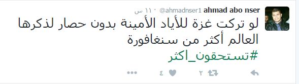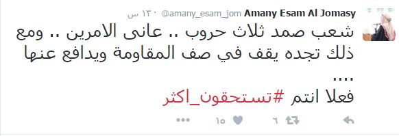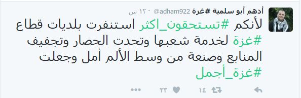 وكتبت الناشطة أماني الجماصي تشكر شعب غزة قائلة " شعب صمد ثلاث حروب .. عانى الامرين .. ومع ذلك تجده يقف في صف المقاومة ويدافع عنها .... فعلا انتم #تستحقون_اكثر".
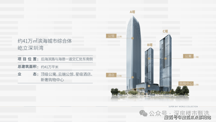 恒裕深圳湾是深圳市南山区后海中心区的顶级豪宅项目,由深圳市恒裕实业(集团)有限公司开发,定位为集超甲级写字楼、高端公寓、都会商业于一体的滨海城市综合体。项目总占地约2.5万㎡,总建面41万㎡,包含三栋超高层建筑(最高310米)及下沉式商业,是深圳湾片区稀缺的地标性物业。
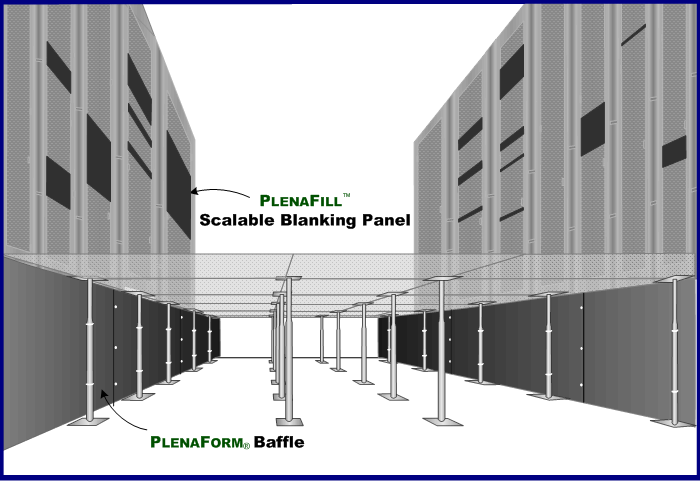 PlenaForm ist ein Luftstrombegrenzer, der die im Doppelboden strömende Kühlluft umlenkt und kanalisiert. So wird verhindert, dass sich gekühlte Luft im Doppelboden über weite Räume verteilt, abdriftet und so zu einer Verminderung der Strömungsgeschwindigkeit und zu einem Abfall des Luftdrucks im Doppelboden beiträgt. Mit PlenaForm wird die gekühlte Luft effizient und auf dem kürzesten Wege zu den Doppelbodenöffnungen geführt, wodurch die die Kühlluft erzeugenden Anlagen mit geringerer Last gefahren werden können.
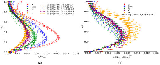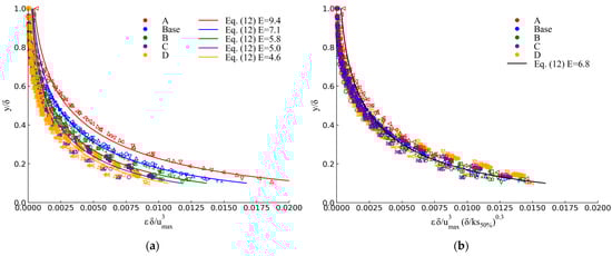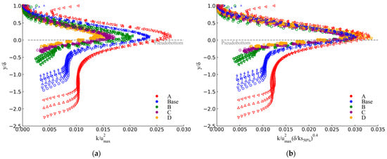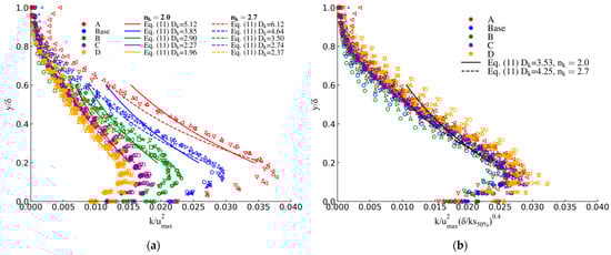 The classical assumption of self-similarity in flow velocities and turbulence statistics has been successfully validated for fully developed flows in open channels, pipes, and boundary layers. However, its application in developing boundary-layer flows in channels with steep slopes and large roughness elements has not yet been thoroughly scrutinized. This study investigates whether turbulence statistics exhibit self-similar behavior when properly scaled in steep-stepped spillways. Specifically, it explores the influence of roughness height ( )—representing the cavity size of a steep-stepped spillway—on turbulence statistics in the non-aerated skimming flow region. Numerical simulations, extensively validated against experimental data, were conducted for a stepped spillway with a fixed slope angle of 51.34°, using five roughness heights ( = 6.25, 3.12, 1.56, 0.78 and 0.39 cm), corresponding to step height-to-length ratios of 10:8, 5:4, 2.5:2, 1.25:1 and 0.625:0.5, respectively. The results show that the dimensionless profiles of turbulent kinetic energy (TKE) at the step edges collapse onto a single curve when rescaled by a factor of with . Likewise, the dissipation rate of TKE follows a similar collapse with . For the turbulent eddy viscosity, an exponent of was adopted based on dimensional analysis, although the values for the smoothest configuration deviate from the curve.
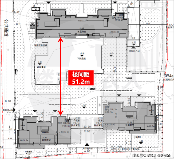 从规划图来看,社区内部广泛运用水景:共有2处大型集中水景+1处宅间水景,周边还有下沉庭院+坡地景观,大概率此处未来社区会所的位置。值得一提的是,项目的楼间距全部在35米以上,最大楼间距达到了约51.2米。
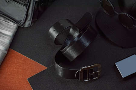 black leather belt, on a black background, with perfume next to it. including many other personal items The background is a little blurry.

⁂

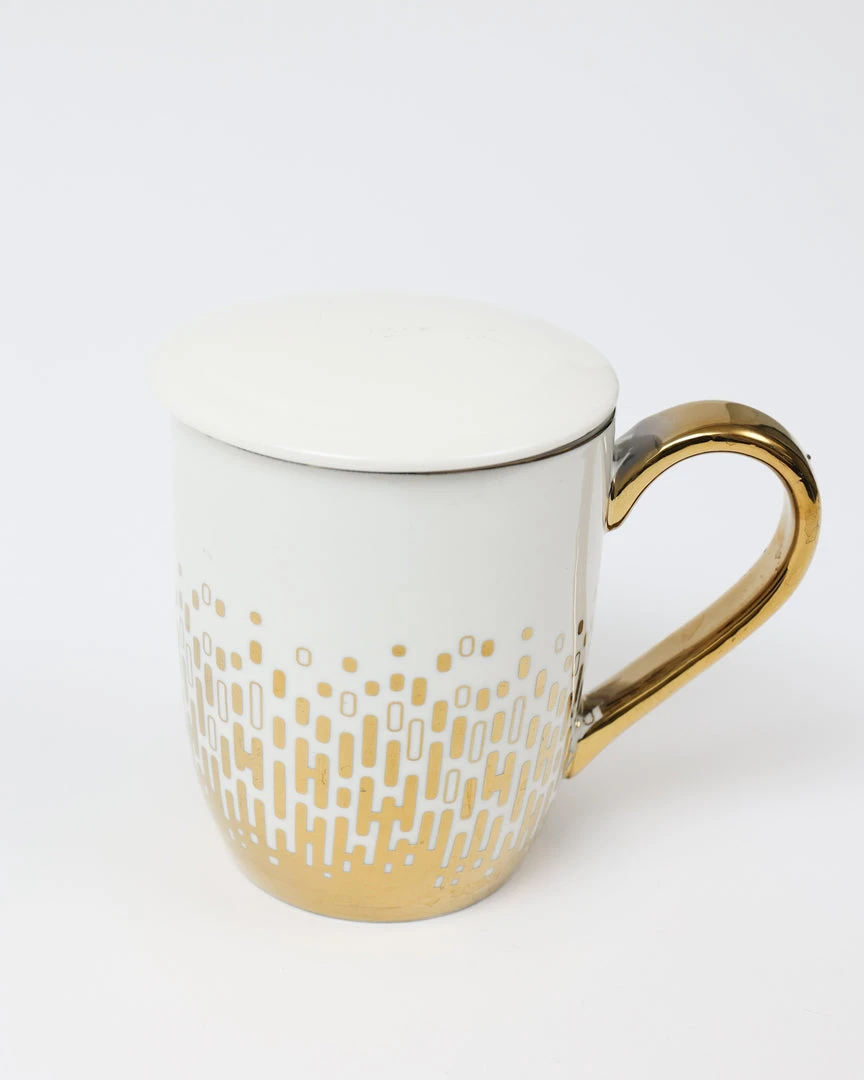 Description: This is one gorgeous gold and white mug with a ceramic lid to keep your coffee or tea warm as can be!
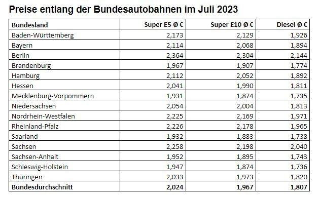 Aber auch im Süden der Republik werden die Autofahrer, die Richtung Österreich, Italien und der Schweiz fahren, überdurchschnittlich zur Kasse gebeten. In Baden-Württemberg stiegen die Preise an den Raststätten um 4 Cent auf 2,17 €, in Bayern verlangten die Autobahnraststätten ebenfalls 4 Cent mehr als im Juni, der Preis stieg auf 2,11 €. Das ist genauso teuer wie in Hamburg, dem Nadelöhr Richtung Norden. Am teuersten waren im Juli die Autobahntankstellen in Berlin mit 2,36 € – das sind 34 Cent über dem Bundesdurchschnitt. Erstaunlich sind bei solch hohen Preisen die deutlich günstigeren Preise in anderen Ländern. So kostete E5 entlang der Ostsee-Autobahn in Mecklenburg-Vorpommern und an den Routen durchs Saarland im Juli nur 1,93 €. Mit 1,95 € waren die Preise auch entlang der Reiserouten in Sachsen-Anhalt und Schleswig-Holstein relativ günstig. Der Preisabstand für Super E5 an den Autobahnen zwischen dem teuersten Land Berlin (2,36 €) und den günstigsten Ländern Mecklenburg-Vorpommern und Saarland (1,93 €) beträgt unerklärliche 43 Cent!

⁂

*Your goal:*
Copy word for word only the lines above from the one with "وكتبت الناشطة أماني" through the one with "PlenaForm ist ein". Leave pictures out.

*Task answer:*
 وكتبت الناشطة أماني الجماصي تشكر شعب غزة قائلة " شعب صمد ثلاث حروب .. عانى الامرين .. ومع ذلك تجده يقف في صف المقاومة ويدافع عنها .... فعلا انتم #تستحقون_اكثر".
 恒裕深圳湾是深圳市南山区后海中心区的顶级豪宅项目,由深圳市恒裕实业(集团)有限公司开发,定位为集超甲级写字楼、高端公寓、都会商业于一体的滨海城市综合体。项目总占地约2.5万㎡,总建面41万㎡,包含三栋超高层建筑(最高310米)及下沉式商业,是深圳湾片区稀缺的地标性物业。
 PlenaForm ist ein Luftstrombegrenzer, der die im Doppelboden strömende Kühlluft umlenkt und kanalisiert. So wird verhindert, dass sich gekühlte Luft im Doppelboden über weite Räume verteilt, abdriftet und so zu einer Verminderung der Strömungsgeschwindigkeit und zu einem Abfall des Luftdrucks im Doppelboden beiträgt. Mit PlenaForm wird die gekühlte Luft effizient und auf dem kürzesten Wege zu den Doppelbodenöffnungen geführt, wodurch die die Kühlluft erzeugenden Anlagen mit geringerer Last gefahren werden können.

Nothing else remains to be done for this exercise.